Output the lines from the one containing "客厅轻奢现代鱼缸2022新款金鱼缸中小型超白玻璃底柜落地缸水族箱,北京" through the last line of the material below, exactly; please do not include pictures.

** Opening DATA PROVIDED block **

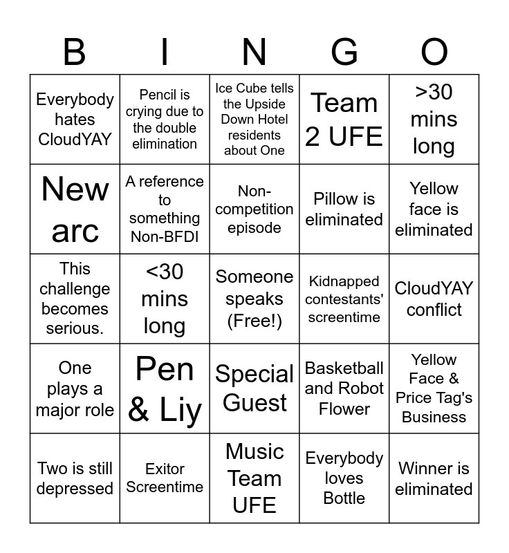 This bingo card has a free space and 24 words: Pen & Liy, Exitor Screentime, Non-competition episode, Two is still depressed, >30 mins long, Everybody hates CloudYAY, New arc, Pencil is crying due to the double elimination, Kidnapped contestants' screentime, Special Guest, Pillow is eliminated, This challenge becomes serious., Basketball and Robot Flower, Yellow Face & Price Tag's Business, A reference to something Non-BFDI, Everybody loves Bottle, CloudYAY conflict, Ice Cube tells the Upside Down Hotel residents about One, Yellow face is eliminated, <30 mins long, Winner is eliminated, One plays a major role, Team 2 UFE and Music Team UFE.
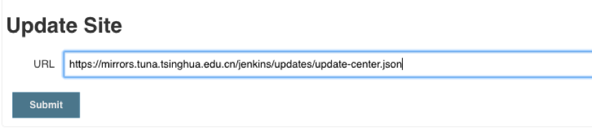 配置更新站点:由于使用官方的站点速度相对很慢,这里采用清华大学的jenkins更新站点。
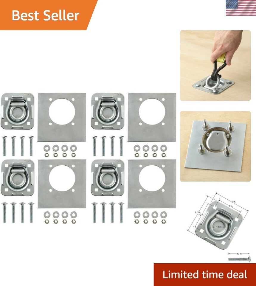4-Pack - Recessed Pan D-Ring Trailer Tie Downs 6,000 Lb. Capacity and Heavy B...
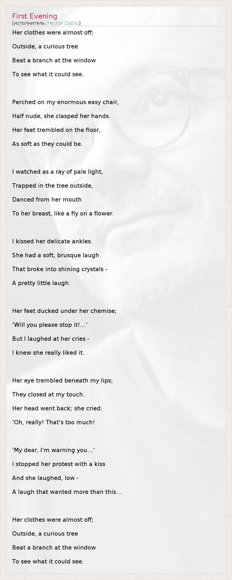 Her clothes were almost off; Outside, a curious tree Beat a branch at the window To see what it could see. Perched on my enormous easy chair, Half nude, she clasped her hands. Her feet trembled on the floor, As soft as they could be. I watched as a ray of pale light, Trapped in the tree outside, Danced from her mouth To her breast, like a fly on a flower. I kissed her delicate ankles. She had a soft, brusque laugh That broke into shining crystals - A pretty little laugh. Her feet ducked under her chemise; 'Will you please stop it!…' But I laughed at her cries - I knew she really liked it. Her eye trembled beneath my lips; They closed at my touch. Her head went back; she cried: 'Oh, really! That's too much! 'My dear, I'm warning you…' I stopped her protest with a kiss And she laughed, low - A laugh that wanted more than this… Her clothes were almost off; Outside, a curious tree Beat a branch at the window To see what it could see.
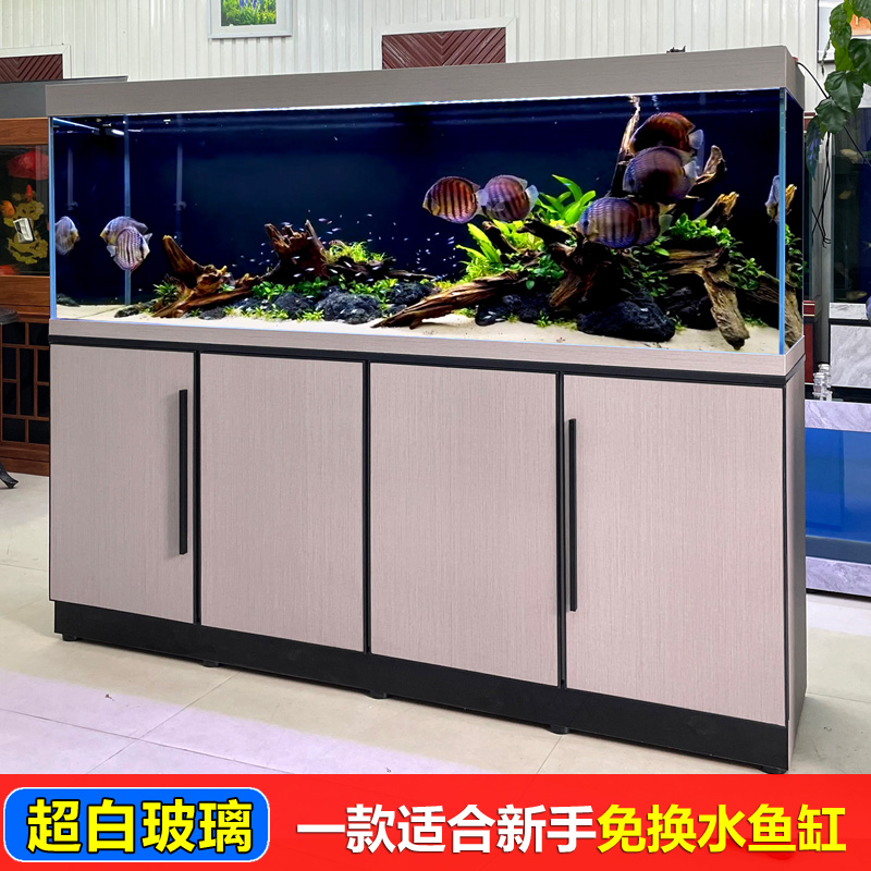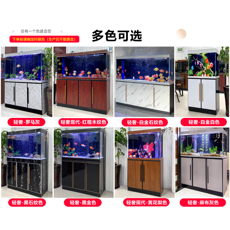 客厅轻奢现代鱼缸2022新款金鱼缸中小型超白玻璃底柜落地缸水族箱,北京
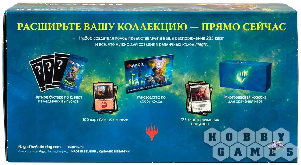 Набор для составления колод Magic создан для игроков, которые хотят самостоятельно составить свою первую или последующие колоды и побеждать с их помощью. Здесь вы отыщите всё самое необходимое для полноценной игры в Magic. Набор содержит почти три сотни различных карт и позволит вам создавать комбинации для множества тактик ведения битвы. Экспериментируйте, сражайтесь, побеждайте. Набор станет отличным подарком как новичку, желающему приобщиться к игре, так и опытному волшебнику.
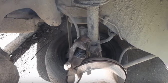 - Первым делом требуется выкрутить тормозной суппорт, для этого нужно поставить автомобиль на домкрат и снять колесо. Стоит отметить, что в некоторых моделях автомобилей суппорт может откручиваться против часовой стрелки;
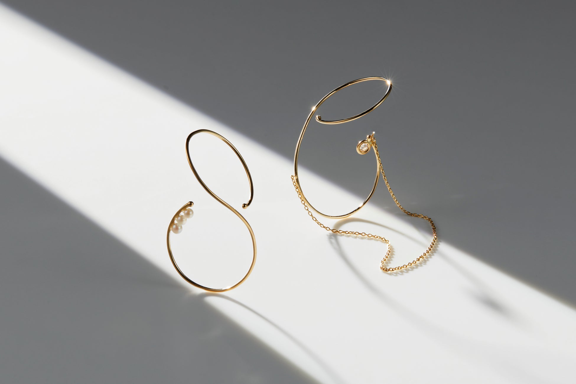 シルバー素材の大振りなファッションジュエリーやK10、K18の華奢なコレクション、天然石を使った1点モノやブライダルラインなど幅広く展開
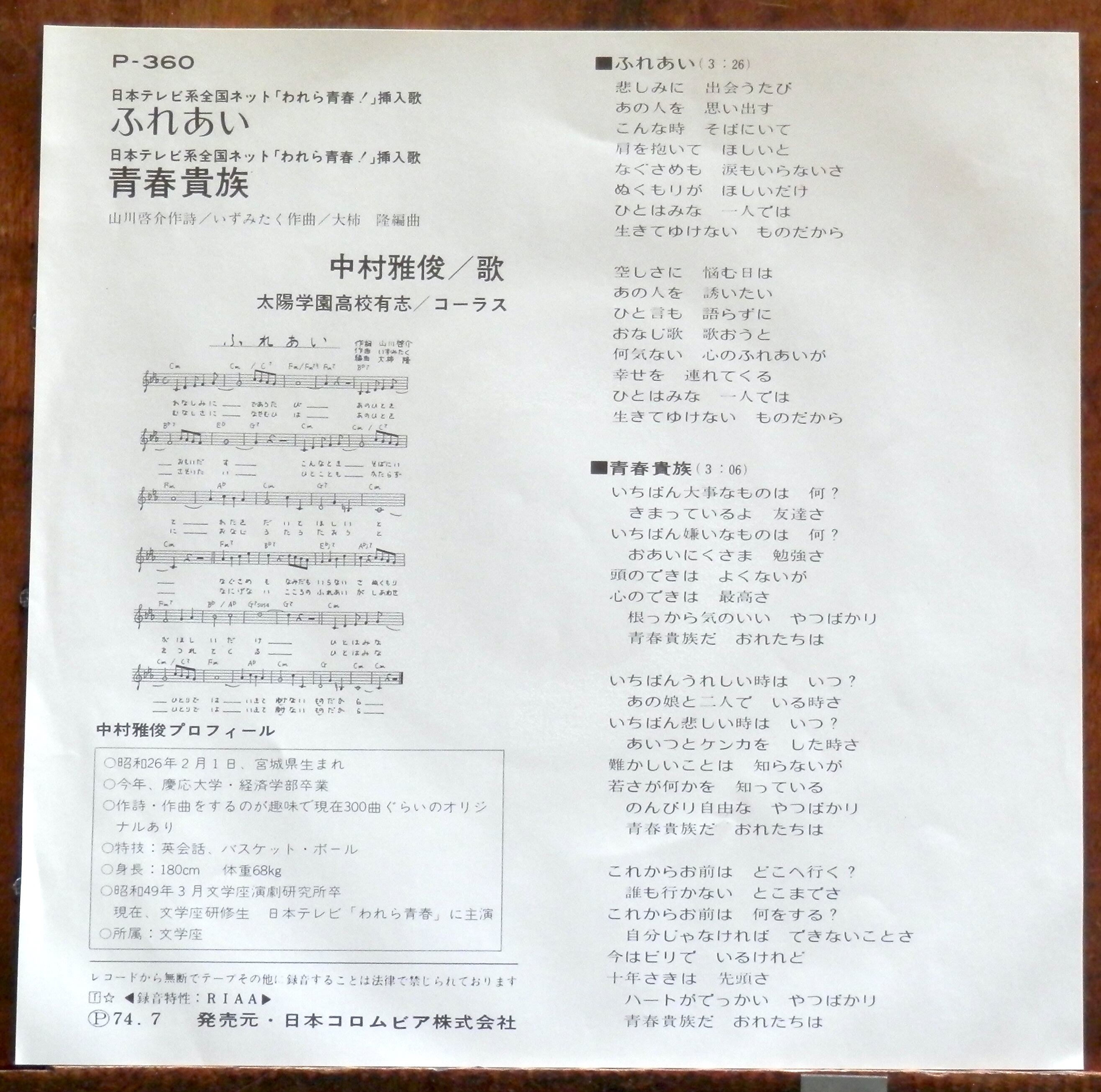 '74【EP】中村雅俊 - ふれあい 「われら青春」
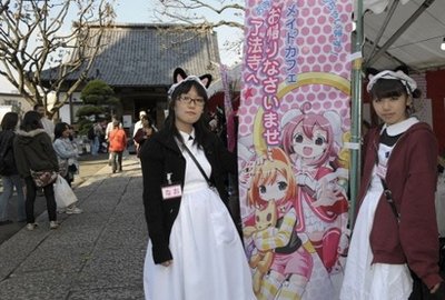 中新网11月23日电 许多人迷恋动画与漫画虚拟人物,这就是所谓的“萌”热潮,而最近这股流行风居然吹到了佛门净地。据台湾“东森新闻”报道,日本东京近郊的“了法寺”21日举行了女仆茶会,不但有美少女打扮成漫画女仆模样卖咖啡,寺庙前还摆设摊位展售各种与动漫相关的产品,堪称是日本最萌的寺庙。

** Closing DATA PROVIDED block **

• _RESULT OF THIS EXERCISE_:
 客厅轻奢现代鱼缸2022新款金鱼缸中小型超白玻璃底柜落地缸水族箱,北京
 Набор для составления колод Magic создан для игроков, которые хотят самостоятельно составить свою первую или последующие колоды и побеждать с их помощью. Здесь вы отыщите всё самое необходимое для полноценной игры в Magic. Набор содержит почти три сотни различных карт и позволит вам создавать комбинации для множества тактик ведения битвы. Экспериментируйте, сражайтесь, побеждайте. Набор станет отличным подарком как новичку, желающему приобщиться к игре, так и опытному волшебнику.
 - Первым делом требуется выкрутить тормозной суппорт, для этого нужно поставить автомобиль на домкрат и снять колесо. Стоит отметить, что в некоторых моделях автомобилей суппорт может откручиваться против часовой стрелки;
 シルバー素材の大振りなファッションジュエリーやK10、K18の華奢なコレクション、天然石を使った1点モノやブライダルラインなど幅広く展開
 '74【EP】中村雅俊 - ふれあい 「われら青春」
 中新网11月23日电 许多人迷恋动画与漫画虚拟人物,这就是所谓的“萌”热潮,而最近这股流行风居然吹到了佛门净地。据台湾“东森新闻”报道,日本东京近郊的“了法寺”21日举行了女仆茶会,不但有美少女打扮成漫画女仆模样卖咖啡,寺庙前还摆设摊位展售各种与动漫相关的产品,堪称是日本最萌的寺庙。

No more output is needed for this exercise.